DraftKings cuts back on ads after a year of heavy spending

The news: Sportsbooks have spent hundreds of millions on advertising in the last year as sports gambling has been legalized in more states, but major competitors like DraftKings and Caesar’s Entertainment dramatically reduced ad spending in the second quarter.

  • DraftKings Q2 ad spend increased 16% to 197.5 million, down dramatically from a 270% increase in Q2 2021.
  • Caesar’s Entertainment said last week that it reduced approximately $500 million in “uneeded” ad spending.

Why the decrease? Sports betting burst confidently into 2022, making headlines for massive volumes of bets placed just days into the new year. But with a possible recession on the horizon and a year of heavy ad spending in the rearview, sportsbooks are feeling pressure to pull back.

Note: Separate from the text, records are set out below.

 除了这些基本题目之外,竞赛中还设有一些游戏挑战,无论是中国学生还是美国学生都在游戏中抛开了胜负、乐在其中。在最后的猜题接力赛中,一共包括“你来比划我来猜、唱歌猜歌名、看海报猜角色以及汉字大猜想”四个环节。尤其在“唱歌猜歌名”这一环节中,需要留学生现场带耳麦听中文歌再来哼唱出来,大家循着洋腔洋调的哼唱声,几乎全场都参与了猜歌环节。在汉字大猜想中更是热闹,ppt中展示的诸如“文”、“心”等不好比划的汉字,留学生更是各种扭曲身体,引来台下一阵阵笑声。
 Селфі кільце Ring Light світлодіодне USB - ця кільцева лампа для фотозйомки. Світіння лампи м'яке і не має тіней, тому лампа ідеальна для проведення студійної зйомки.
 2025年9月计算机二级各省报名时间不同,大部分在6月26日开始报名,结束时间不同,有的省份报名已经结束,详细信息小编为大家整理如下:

  • As more and more states started to fall in the legalization domino effect, sportsbooks pumped money into advertising to capture market share. Now, investors anxious about the economy are urging them to cut back on ad spend and focus on profitability.
  • In order for sports bets to be placed, there needs to be sporting events to bet on, and there weren’t very many of those in Q2 2022.
  • All these factors mean sportsbooks joined the rest of the marketing industry in significantly reducing ad spend during Q2. Concerns about a cool-off in consumer spending and supply chain issues have caused one in five marketers to reduce ad spending, according to Advertiser Perceptions.

Some of that ad money is being diverted into politics; a California ballot initiative supported by sportsbooks like FanDuel and DraftKings that would legalize online betting was certified for the ballot in July.

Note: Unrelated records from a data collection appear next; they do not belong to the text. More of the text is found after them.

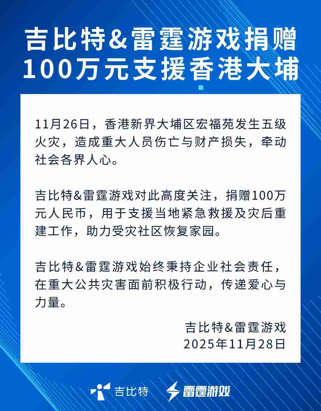 yaxin868&雷霆游戏捐赠100万元 支援香港大埔火灾救援及灾后重建
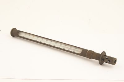 Dal lato superiore dell'apparecchio, affianco all'apertura circolare, affiora un tubo in ottone aperto da un lato; dall'apertura è leggibile la scala graduata di un termometro (scala 0-120 °C). Il tubo con il termometro è staccabile dal bagno di luce.
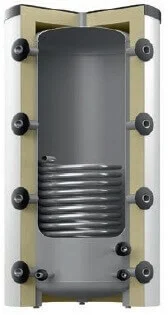 Накопичувач виготовлений з високоякісної сталі S235JRG2 (RSt 37-2), що гарантує його міцність та довговічність. Внутрішня поверхня бака не має обробки, тоді як зовнішня покрита енергозберігаючою плівкою PWF білого кольору. Теплоізоляція з м'якого поліуретану товщиною 100 мм мінімізує втрати тепла, підвищуючи енергоефективність системи.
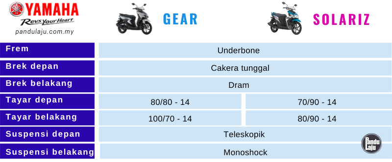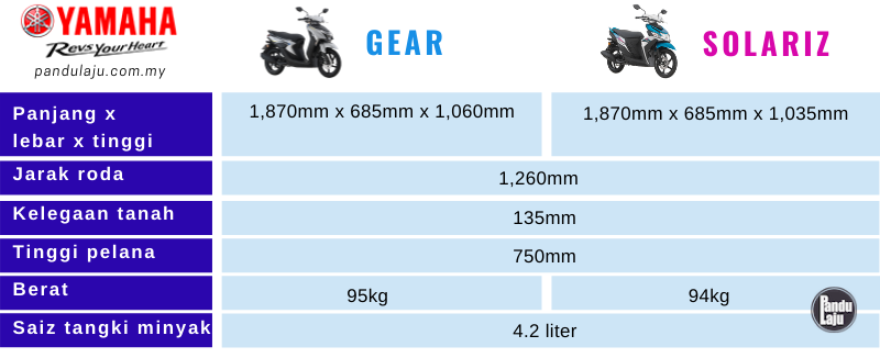 Jika diperhatikan, kedua-dua skuter itu menggunakan panel hitam di tempat sama sebagai tona kontras daripada panel berwarna. Grafik badan Ego Gear lebih minimalis berbanding EgoSolariz yang agak sofistikated. Tidak dilupakan logo Yamaha pada sisi panel depan Ego Gear, manakala Ego Solariz menggunakan teks Yamaha.

They’ll be back: Thanks to a healthy slate of sports events in the second half and existing partnerships, sports betting will likely weather the ad downturn and potential recession relatively unharmed.

  • Unlike those other marketers worrying about supply chain issues, sports betting can count on the fact that sports will persist even through a recession. The NFL regular season and the upcoming 2022 World Cup will be another driver of revenue for sportsbooks in H2.
  • Sportsbooks can also rely on previous ad investments and partnerships to weather the storm. Heavy ad spending means sportsbooks are now embedded into sports culture—this year’s Super Bowl attracted record bet volume—and have existing deals with TV and mobile providers that they can rely on without repeat ad spend.
  • On top of that, the industry’s opportunities for partnerships are rapidly expanding. Disney has expressed interest in bringing sports betting to ESPN, and the NFL’s recently launched streaming service could be another major avenue for sportsbooks.

The big takeaway: Sportsbooks’ conservative Q2 is part of the industry’s long crawl toward profitability, but also means that the ad industry lost another major source of spending.

  • But advertisers should take some comfort in knowing that the decrease is unlikely to be permanent. As sports betting achieves legality in more states and makes its way to more platforms, sportsbooks will still have to spend to capture market share from competitors.

This article originally appeared in Insider Intelligence's Marketing & Advertising Briefing—a daily recap of top stories reshaping the advertising industry. Subscribe to have more hard-hitting takeaways delivered to your inbox daily.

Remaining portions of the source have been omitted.